Listed records:

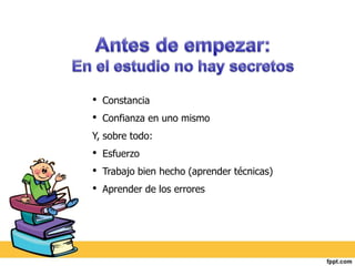 Este documento ofrece consejos para preparar exámenes de forma efectiva, incluyendo la importancia de la constancia, la confianza en uno mismo, el esfuerzo y el aprendizaje de los errores. Recomienda organizar sesiones de estudio diarias de al menos 2-3 horas, en un lugar tranquilo y sin distracciones. Además, propone hacer una lista de tareas, planificar el estudio con calendarios y repartir adecuadamente el tiempo entre las asignaturas.
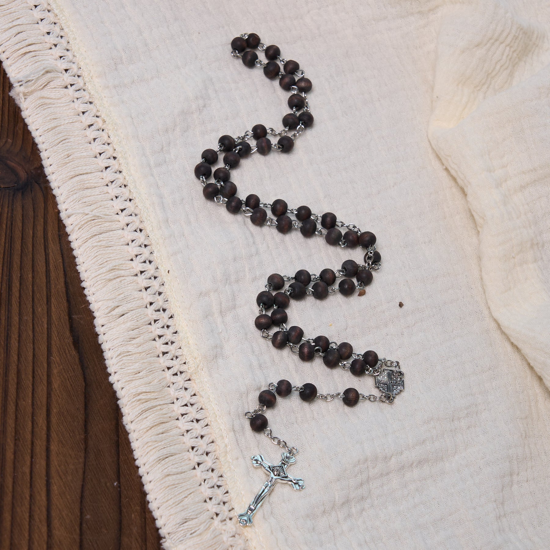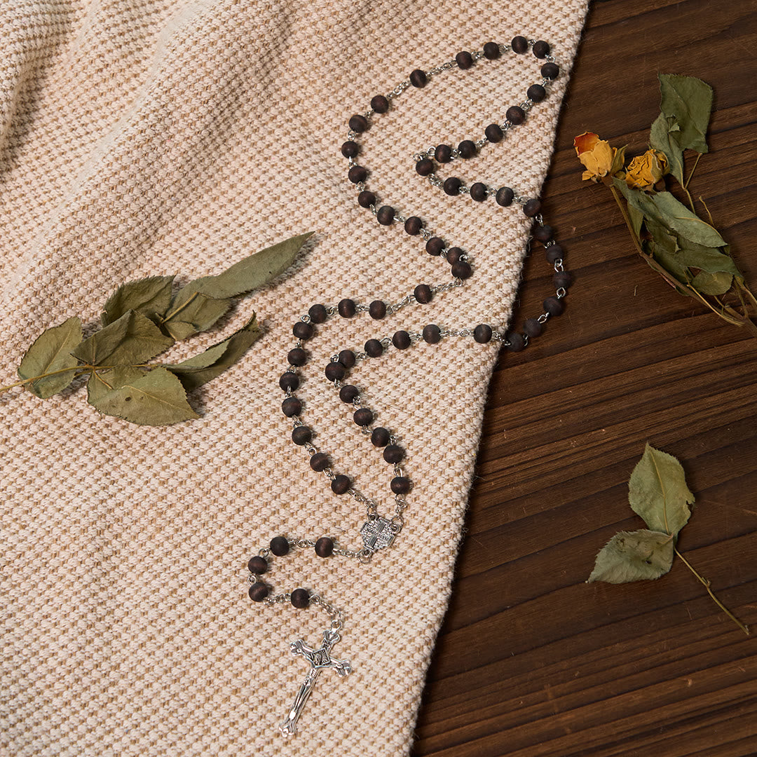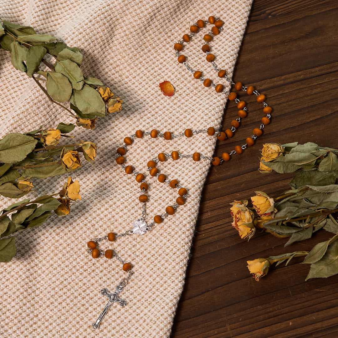Die Rosenholzperlen sind auf einer robusten Kette aus Legierung aufgereiht, die sowohl Stärke als auch Eleganz gewährleistet. Die robuste Konstruktion garantiert, dass dieser Rosenkranz ein fester Bestandteil Ihrer Andachtspraxis bleibt, während die glatte Oberfläche der Kette das taktile Erlebnis des Gebets verstärkt. - Bereichern Sie Ihr Gebetsleben
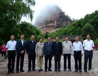 (全國(guó)百家網(wǎng)媒記者團(tuán)在大地灣遺址合影)
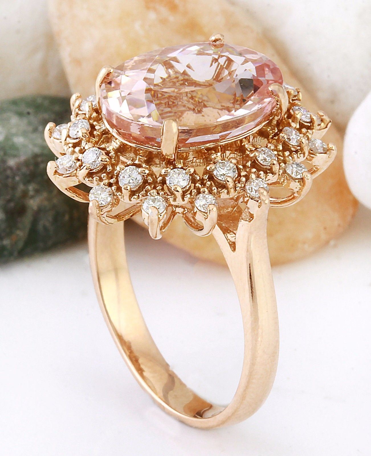 5.70 Carat Natural Morganite 18K Solid Rose Gold Diamond Ring
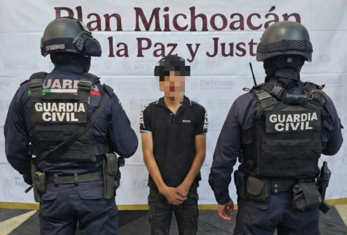 Morelia, Michoacán.- Derivado de las acciones operativas que se mantienen de manera permanente en la región de Tierra Caliente, elementos de la Guardia Civil aseguraron en el municipio de Aguililla a un adolescente en posesión de diversas dosis de sustancia, al parecer droga, y quien, de acuerdo a indicios estaría presuntamente relacionado con los hechos violentos registrados el pasado domingo en esta zona, donde se reportaron incendios de vehículos e inmuebles.

What is expected: Above are some records. Reproduce the lines from the one with "Die Rosenholzperlen sind" down to the one with "5.70 Carat Natural", keeping both, and leave every picture out.

Response area:
Die Rosenholzperlen sind auf einer robusten Kette aus Legierung aufgereiht, die sowohl Stärke als auch Eleganz gewährleistet. Die robuste Konstruktion garantiert, dass dieser Rosenkranz ein fester Bestandteil Ihrer Andachtspraxis bleibt, während die glatte Oberfläche der Kette das taktile Erlebnis des Gebets verstärkt. - Bereichern Sie Ihr Gebetsleben
 (全國(guó)百家網(wǎng)媒記者團(tuán)在大地灣遺址合影)
 5.70 Carat Natural Morganite 18K Solid Rose Gold Diamond Ring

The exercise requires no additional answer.